Durante un gobierno se instalan y en el siguiente las reubican sin razón alguna, o cuando menos explicación plausible. No hace mucho y con motivo de la corrupta construcción de las instalaciones de la Feria de Santa Rita, la estatua del Vaquero, instalada en la carretera a Aldama, de pronto cambió de residencia. En esta ocasión no vimos a Patricio Martínez tirarse al suelo para protegerla como en los tiempos en que era presidente municipal Gustavo Ramos Becerra y el Vaquero hace camping en otro sitio. Hoy les tocó el turno a José Fuentes Mares y al general Rodrigo M. Quevedo. Al historiador y filósofo le buscaron acomodo en otra parte, no obstante que un lado de la Quinta Gameros está lo que se llama el Rincón del Filósofo, y además en este museo un sitio en su recuerdo. De todas maneras lo desahuciaron lanzándolo de su casa, a alguna bodega, y sin sentido alguno. Es lamentable que nadie haya dicho nada; el ICHICULT. ya sabemos, es mudo en estas cosas, pero hay otras voces que ahora simplemente callaron.

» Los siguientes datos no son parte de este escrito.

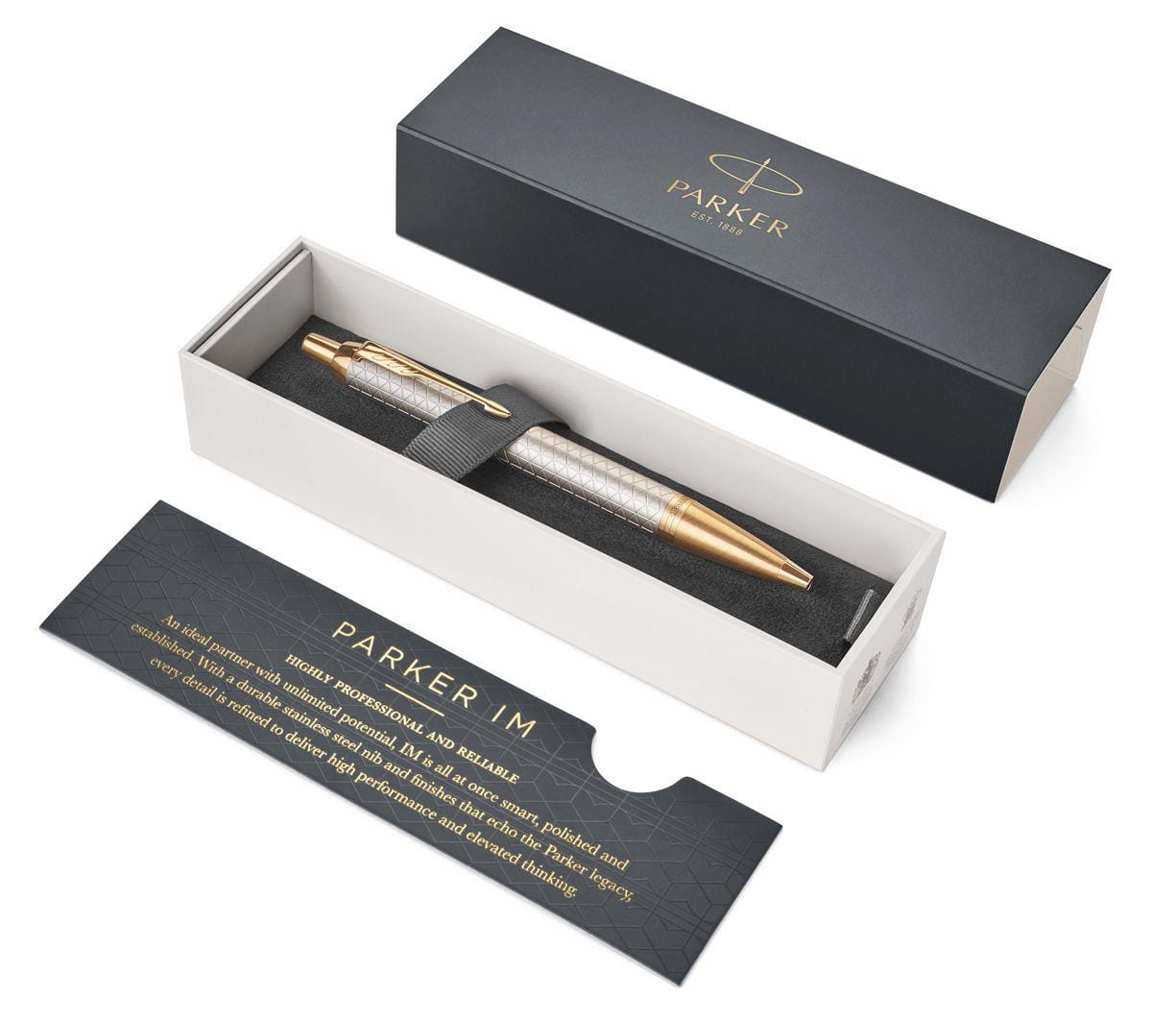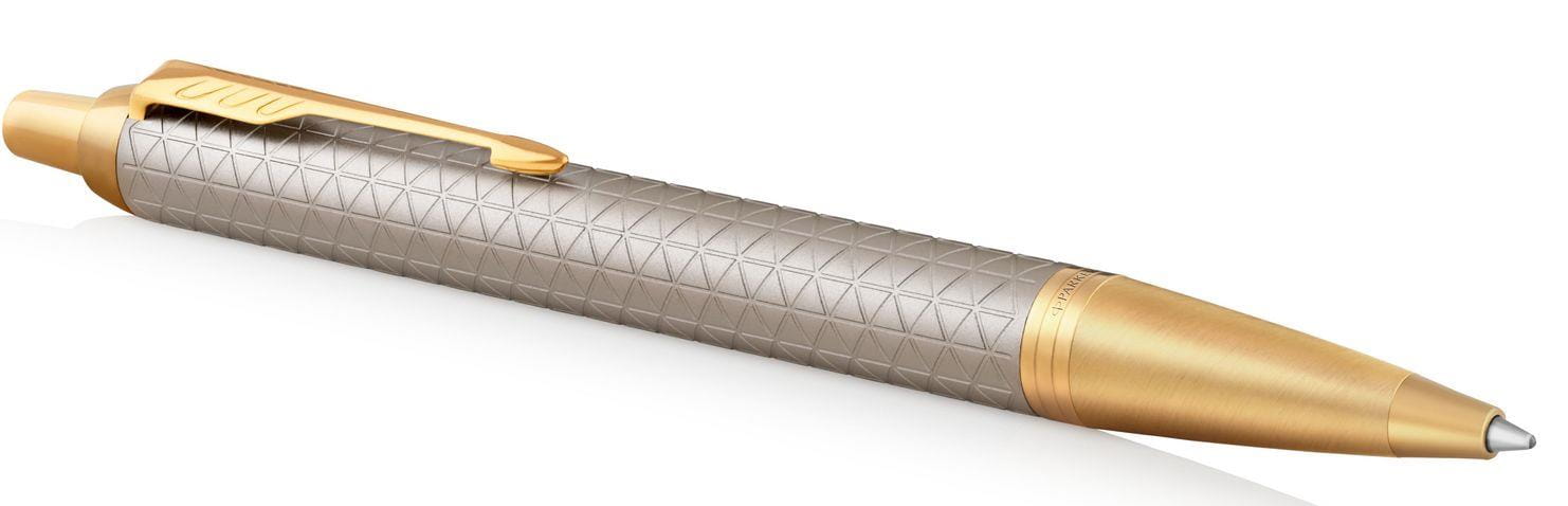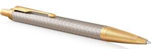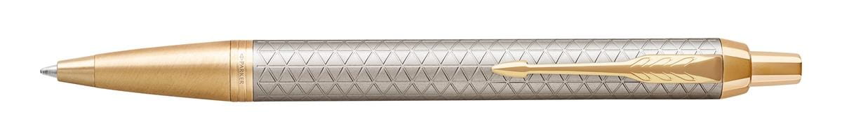Długopis Parker to solidny partner. Inteligentny, pewny i profesjonalny. Linia Parker IM to wykończenia oddające najlepszą tradycję marki. Każdy detal długopisu IM Premium zaprojektowany został tak, by zapewnić niezawodność pisania. Aluminiowy korpus jest piaskowany, anodowany na matowy, srebrny kolor i dodatkowo grawerowany laserem. Grawerowany wzór jest ponadczasowy, subtelnie podkreśla wykończenia. Pierścienie wykończone złotem.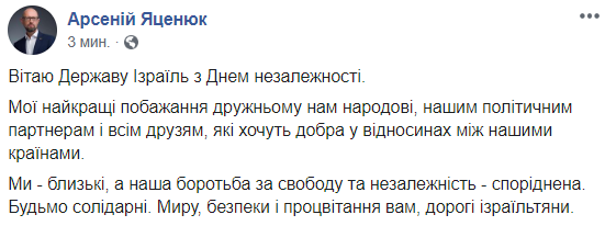 11:57 Арсений Яценюк в Facebook ни слова не сказал о Дне победы, зато поздравил Израиль с днем независимости.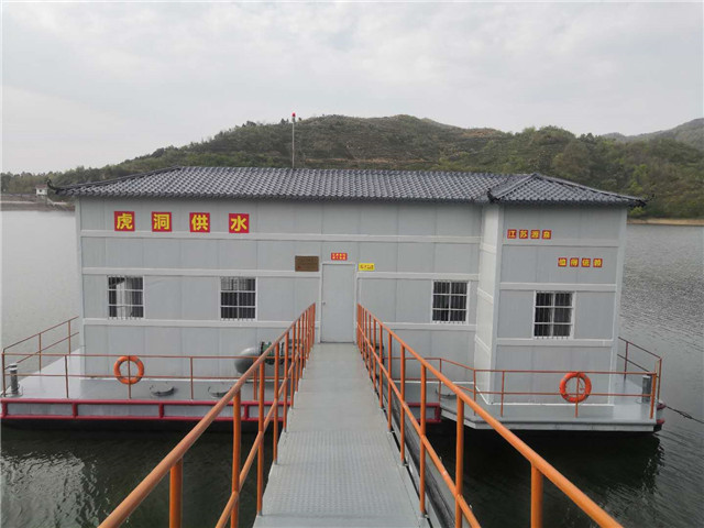 茌平县东邢水厂项目取水浮船泵站正在安装中。

Rodrigo M. Quevedo fue llevado al bronce durante los primeros años del gobierno de José Reyes Baeza; entonces era diputado local y me opuse a la estatua misma porque la juzgué inmerecida, posición que conservo hasta ahora. Los Quevedo empezaron su periplo político como magonistas y por esas transformaciones de las personalidades de la revolución mexicana, Rodrigo llegó a ser un hombre importante en la política local y nacional, olvidándose por supuesto de la orientación progresista a la que dio aliento su tocayo Ricardo Flores Magón y otros que no viene al caso mencionar. Pues bien, Quevedo llegó al cargo de gobernador del estado de Chihuahua y se convirtió en uno de los caciques propios de la época –los que a su tiempo barrió Lázaro Cárdenas– y como tal abrió una etapa de abuso descomunal del que da cuenta un famoso corrido de Mariana Ahedo (Graciela Olmos, La Bandida), con quien fundó un negocio en Juárez para traficar whisky a Estados Unidos, especialmente a las mafias de Chicago que en esa época controlaba el mismísimo Al Capone. Era un hombre que ejerció un poder despótico, unipersonal, militarista; que lo mismo desterraba que practicaba el abigeato y amenazaba a los periodistas de una manera hoy poco recordada, pero no por ello carente de ser un agravio. Sin embargo fue un cacique con suerte, quizás de los únicos que se salvaron de la defenestración cardenista, pues si bien lo sacaron de la escena local haciéndolo jefe de una zona militar importante, aledaña al Distrito Federal, de todas maneras dejó sembrado su grupo del que Teófilo Borunda, con el tiempo, también se convirtió en gobernador del estado.
Cuando me opuse fue por una razón: era presumible que Rodrigo M. Quevedo había asesinado al senador Ángel Posada en el vestíbulo del hotel Kopper de Ciudad Juárez, como para que el Congreso se sumara a un homenaje a un oscuro personaje asesino de un miembro del Congreso de la Unión y candidato a la gubernatura del estado de Chihuahua. Entonces recordé en tribuna el famoso corrido que da cuenta de un general que lo mismo robaba elotes y gallinas, vacas y doncellas. Hasta donde se sabe, la estatua será removida del lugar en el que se instaló hace seis o siete años para ponerlo a la entrada del Teatro de los Héroes, rubricando el amor que este gobierno por la más exquisita de las culturas. Por ahora, esperando una segunda develación, la estatua luce cubierta con tétrico hule. Creo que así debiera permanecer.